* **What to produce**:
Of the lines listed below, return exactly those that run from the line containing "Übrigens: 140mm ist" through the line containing "Ingredients: Fresh chicken", both included.

* **Data for this exercise**:
********************
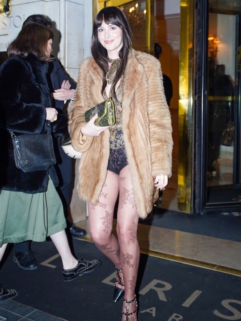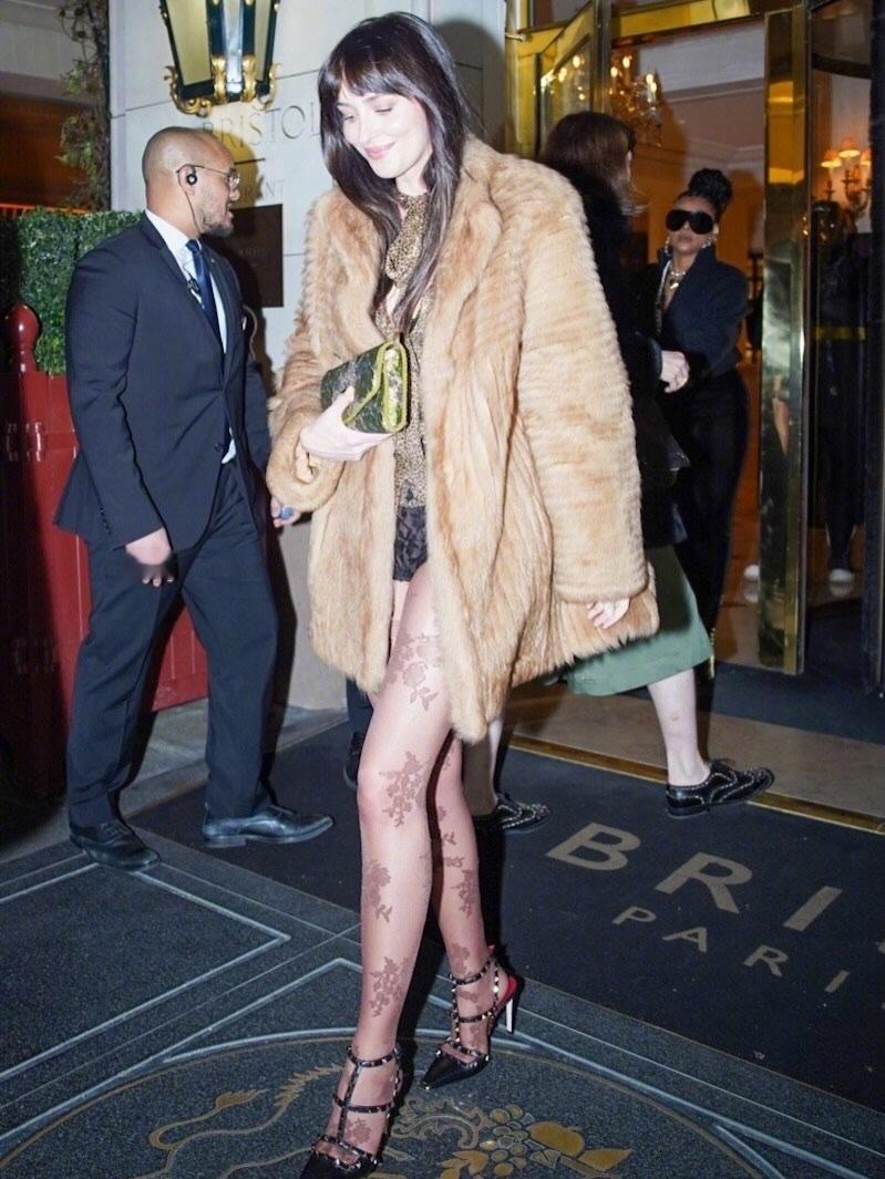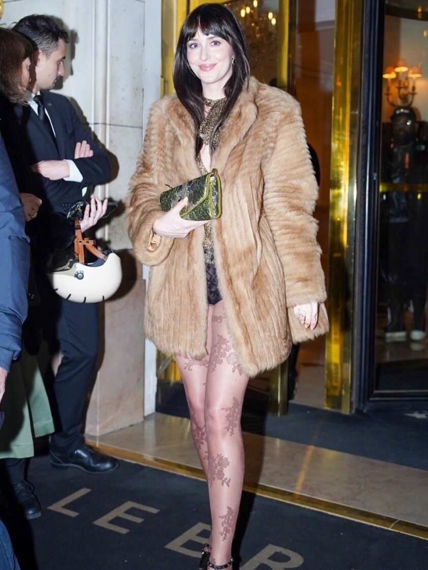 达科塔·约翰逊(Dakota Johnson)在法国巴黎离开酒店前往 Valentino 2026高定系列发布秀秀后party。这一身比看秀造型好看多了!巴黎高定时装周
********************
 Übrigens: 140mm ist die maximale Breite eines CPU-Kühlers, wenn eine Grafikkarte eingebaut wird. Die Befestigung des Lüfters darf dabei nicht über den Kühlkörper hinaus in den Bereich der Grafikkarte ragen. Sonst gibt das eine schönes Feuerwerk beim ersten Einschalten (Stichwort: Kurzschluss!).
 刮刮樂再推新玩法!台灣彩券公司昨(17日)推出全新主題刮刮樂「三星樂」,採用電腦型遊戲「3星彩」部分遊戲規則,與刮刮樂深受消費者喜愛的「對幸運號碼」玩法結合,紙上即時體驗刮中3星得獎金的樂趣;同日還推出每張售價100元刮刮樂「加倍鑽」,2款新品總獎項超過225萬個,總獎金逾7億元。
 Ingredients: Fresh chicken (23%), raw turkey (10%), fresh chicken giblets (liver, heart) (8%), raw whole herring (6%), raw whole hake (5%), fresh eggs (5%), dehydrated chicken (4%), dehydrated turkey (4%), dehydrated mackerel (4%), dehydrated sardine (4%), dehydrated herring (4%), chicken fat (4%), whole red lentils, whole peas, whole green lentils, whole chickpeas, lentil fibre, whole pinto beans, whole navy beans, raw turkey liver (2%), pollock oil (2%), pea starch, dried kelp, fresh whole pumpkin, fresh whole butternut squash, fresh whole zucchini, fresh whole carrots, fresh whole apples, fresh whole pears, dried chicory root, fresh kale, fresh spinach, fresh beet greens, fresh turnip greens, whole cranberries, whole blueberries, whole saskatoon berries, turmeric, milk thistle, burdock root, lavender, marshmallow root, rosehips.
********************
* **Answer area**:
 Übrigens: 140mm ist die maximale Breite eines CPU-Kühlers, wenn eine Grafikkarte eingebaut wird. Die Befestigung des Lüfters darf dabei nicht über den Kühlkörper hinaus in den Bereich der Grafikkarte ragen. Sonst gibt das eine schönes Feuerwerk beim ersten Einschalten (Stichwort: Kurzschluss!).
 刮刮樂再推新玩法!台灣彩券公司昨(17日)推出全新主題刮刮樂「三星樂」,採用電腦型遊戲「3星彩」部分遊戲規則,與刮刮樂深受消費者喜愛的「對幸運號碼」玩法結合,紙上即時體驗刮中3星得獎金的樂趣;同日還推出每張售價100元刮刮樂「加倍鑽」,2款新品總獎項超過225萬個,總獎金逾7億元。
 Ingredients: Fresh chicken (23%), raw turkey (10%), fresh chicken giblets (liver, heart) (8%), raw whole herring (6%), raw whole hake (5%), fresh eggs (5%), dehydrated chicken (4%), dehydrated turkey (4%), dehydrated mackerel (4%), dehydrated sardine (4%), dehydrated herring (4%), chicken fat (4%), whole red lentils, whole peas, whole green lentils, whole chickpeas, lentil fibre, whole pinto beans, whole navy beans, raw turkey liver (2%), pollock oil (2%), pea starch, dried kelp, fresh whole pumpkin, fresh whole butternut squash, fresh whole zucchini, fresh whole carrots, fresh whole apples, fresh whole pears, dried chicory root, fresh kale, fresh spinach, fresh beet greens, fresh turnip greens, whole cranberries, whole blueberries, whole saskatoon berries, turmeric, milk thistle, burdock root, lavender, marshmallow root, rosehips.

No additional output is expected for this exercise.